The participants completed 2 performance tests of a 100km time trial to be completed as fast as possible and also a six second sprint (carried at at end of TT test to represent a sprint to the line), and a critical power test (CPT). These tests were conducted pre and post dietary and training intervention with the High Carb group consumed 30-60g per hour during the test and the high fat group water and electrolytes.

There was a significant decrease in body fat and body mass in the High Fact compared to High Carb group. There was however, no significant different in 100km TT performance but unexpectedly a greater improvement in peak power (but not average) in CPT, likely due to changes in weight to power (greater weight loss at end of study in high fat group). .

A number of interesting issues here include a 4.4kg loss in body fat in the high fat group vs. 0.7kg in high carb. Despite no significant change in performance in the 100km TT test (significance based on statistical analysis) may be due to the large variation in response between participants and with greater numbers there may have been a ‘statistical’ benefit. If we just look at actual time of the TT test the high carb group completed the TT 1min and 13secons faster than their pre 12-week dietary and training intervention but the high fat group was 4min and 7 seconds faster.
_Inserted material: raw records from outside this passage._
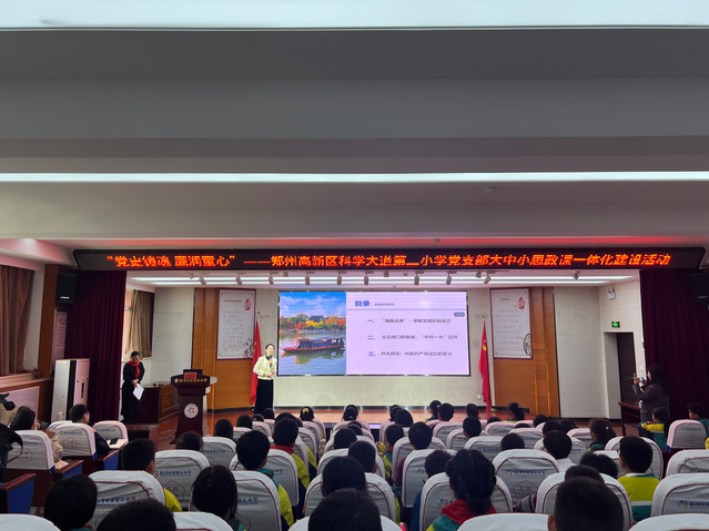 活动中,丁泽丽副教授从五星红旗上五颗星星的涵义说起,引出授课内容。继而,通过“南陈北李”传播马克思主义思想、筹划早期党组织,让队员们了解党诞生的背景。随后,丁教授讲述中共一大从石库门到南湖的召开经过,并又用一段视频向队员们介绍了红船精神,体会其开天辟地、敢为人先,坚定理想、百折不挠,立党为公、忠诚为民的精神内核。最后,丁教授总结为什么中国共产党的成立是开天辟地的大事变,并号召队员们作为新时代的队员应学习革命前辈勇当先锋的精神,爱学习、爱劳动,从身边小事做起,为我们国家建设贡献自己的力量。活动的尾声,全体学生以歌咏志,唱响《中国少年先锋队队歌》,慷慨激昂、振奋人心的歌声久久回荡在宽阔的会场上,奋发拼搏、报效祖国的决心也深深植根于少年学子的心中。
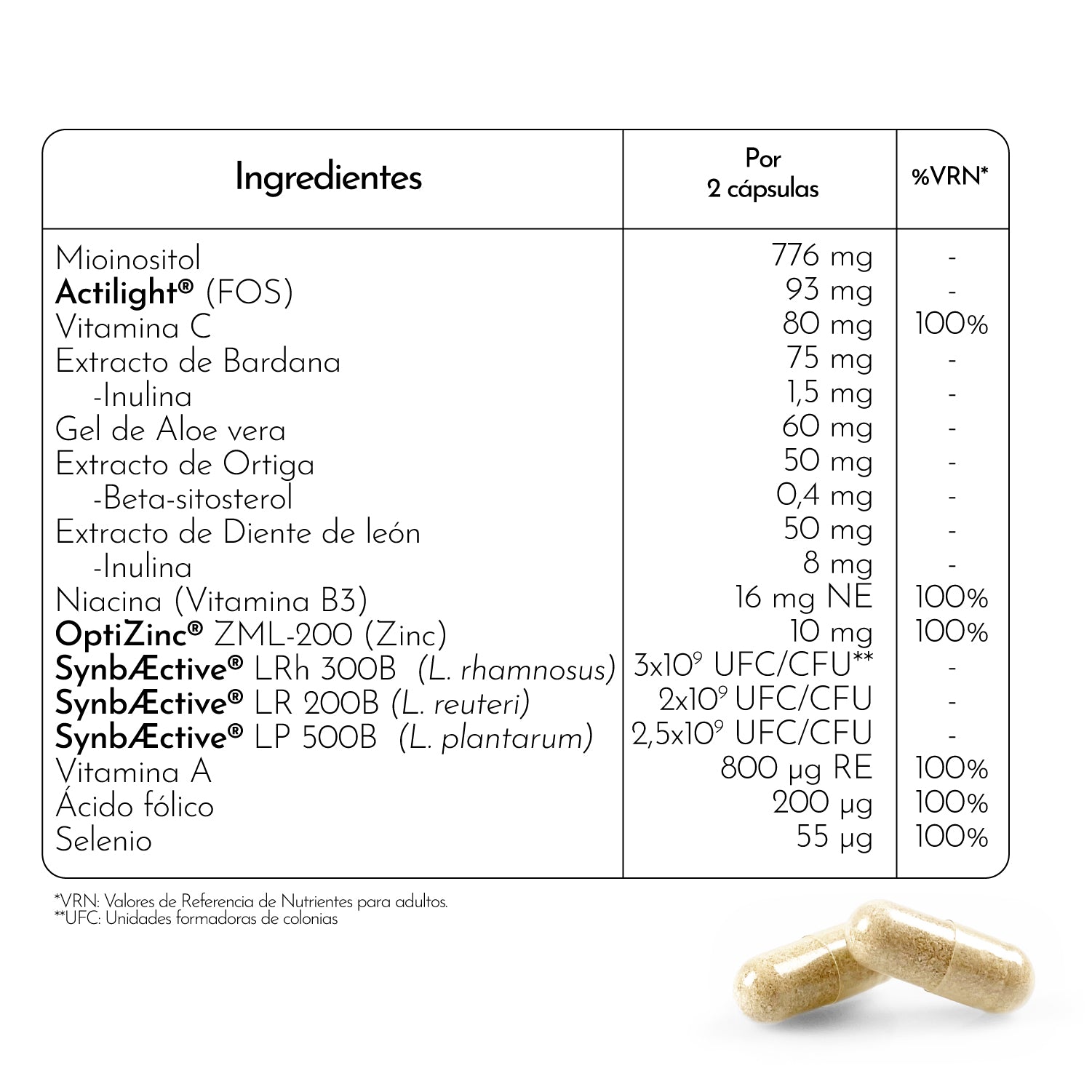 La fórmula incluye Synbalance®, Actilight®, Optizinc®ZML, mioinositol,
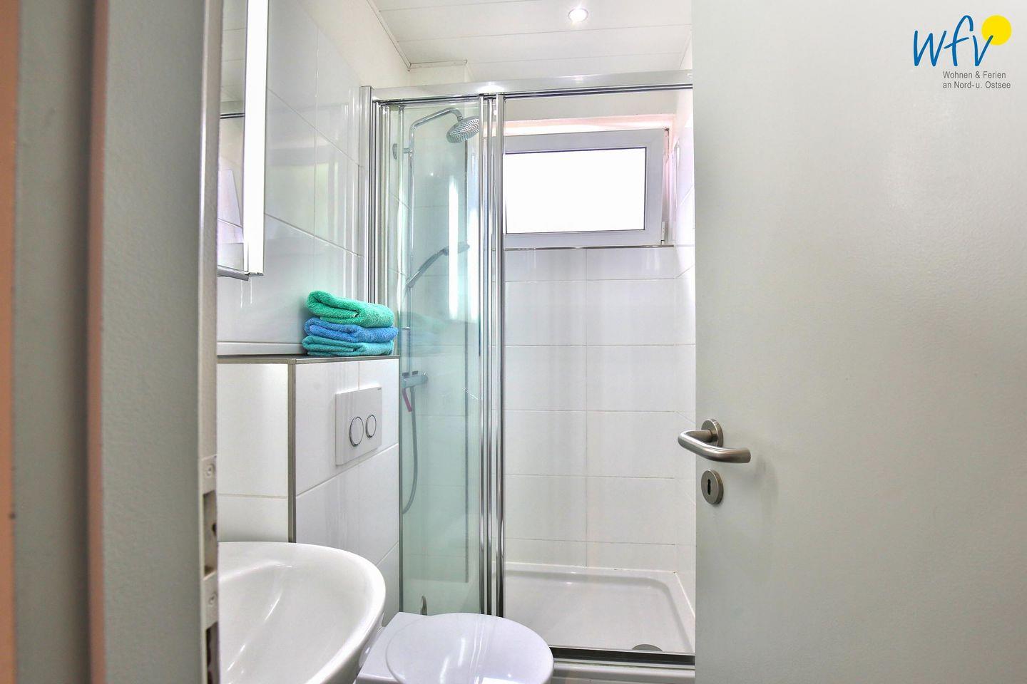 Das gepflegte Tageslichtbad mit Dusche, Föhn und beleuchtetem Spiegel bietet weiteren Komfort.
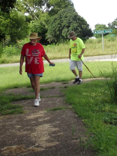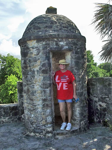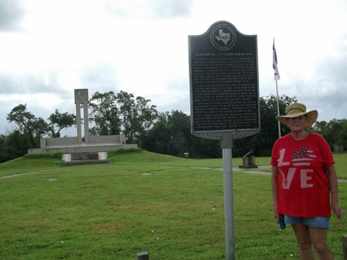 | Carol and the monument at the grave of Texan Army Col. James Fannin and his men, who were captured at Goliad and executed en masse here on Palm Sunday, 27 Mar 1836, one of the bloodiest days of the Texas War for Independence. |
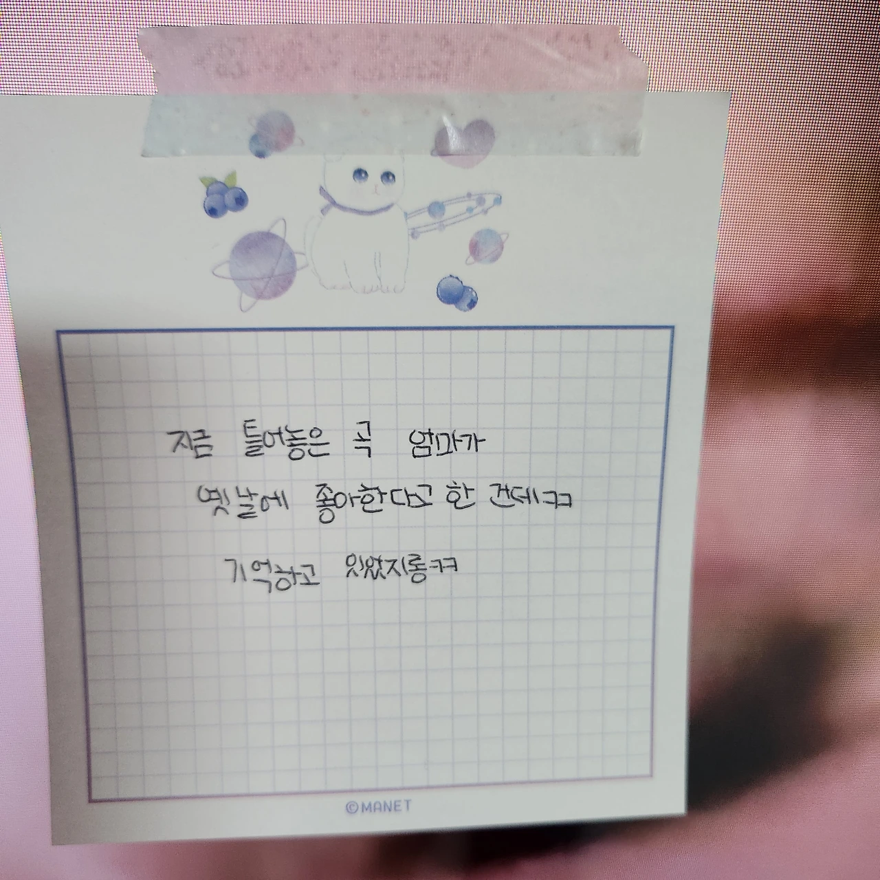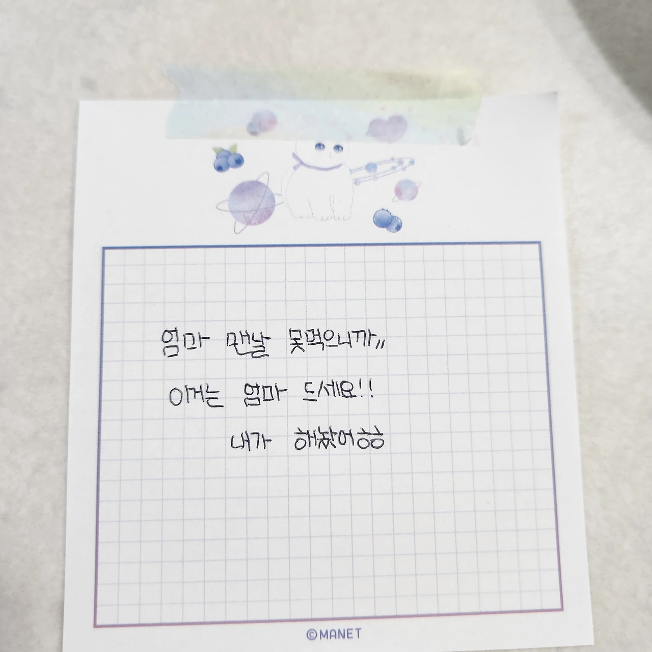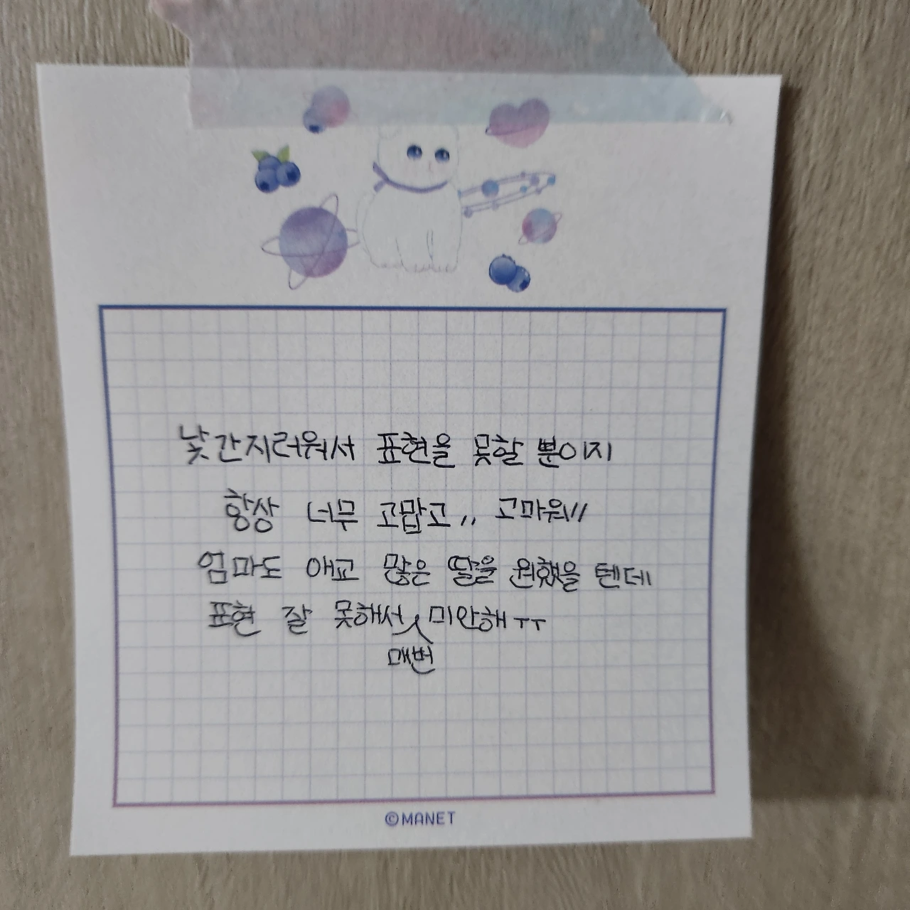 집에 온 걸 환영한다는 아이의 인사말에 버글거렸던 걱정이 눈 녹듯 사그라졌다. 작고 귀여운 포스트잇에 적힌 아이의 곰살맞은 쪽지를 떼어 들고 현관문을 열었다.

Although you could pull some positives from the study the issue here is 6 second sprint and the subject number could easily account for such an effect. In addition, the way the subjects where selected into each group could have been of issue i.e. not selected according to fitness and indeed the groups where significantly different between body fat and carb intake. Such issues could have impacted the results of the study and clearly more work is needed.

There are some other details which are not clear as it states 30-60g/hr where taken in the High Carb group during the post intervention test. However, how many where on 30 and how many on 60g? Was this optional? Where both groups fully glycogen loaded pre-tests? There are still many issues not clear and need to be addressed in future study designs before we can draw any firm conclusions.

Conclusion: So at this point there only 1 real ‘published’ performance data to demonstrate high fat diets work better than high carb (McSwiney et al. 2017) and one performance study demonstrating no effect (Burke et al. 2017) as well as  a restriction in the adaptive response to training as well as subsequently performance. Yes we see in both studies from the likes of Burke, Volek and McSwiney elevations in Ketones (offering an alternative fuel source to glucose) from fat adaptation but the correlation to exercise performance still is jury out.

There is still a gap in our knowledge here for the potential of using high fat diets, and this relates to long term adaptation, its use in ultra-endurance events where fat reliance is put to the test, and also the impact of protein intake, and high fat as primary diet but carbs used during competition in this equation. In relation to the latter from what I have seen from many athletes is what they can low carb is really high protein, low fat and low carb. We need to remember protein is insulinogenic and as such can deliver many of the benefits (although not efficiently) as carbs.

Personal view: I tried the high fat diet in 2016 for 5-6months at the early part of the season (less intensity more volume and L2 work) and I have to say the effects on huger and body composition are astounding and as such as a health option and ability to alter body fat levels there maybe some significant scope for play. However, as you move into doing higher intensity work and much glycogen levels are depleted to a greater extent the high fat diet for me falls short as your either 1. Not able to carry out higher intensity interval work because your glycogen depleted (this would go against the Volek study suggesting no difference in CHO repletion rates) or 2. There are some metabolic changes that occur due to a high fat diet that inhibit the ability of the muscle to function and/or adapt to working at and above your threshold.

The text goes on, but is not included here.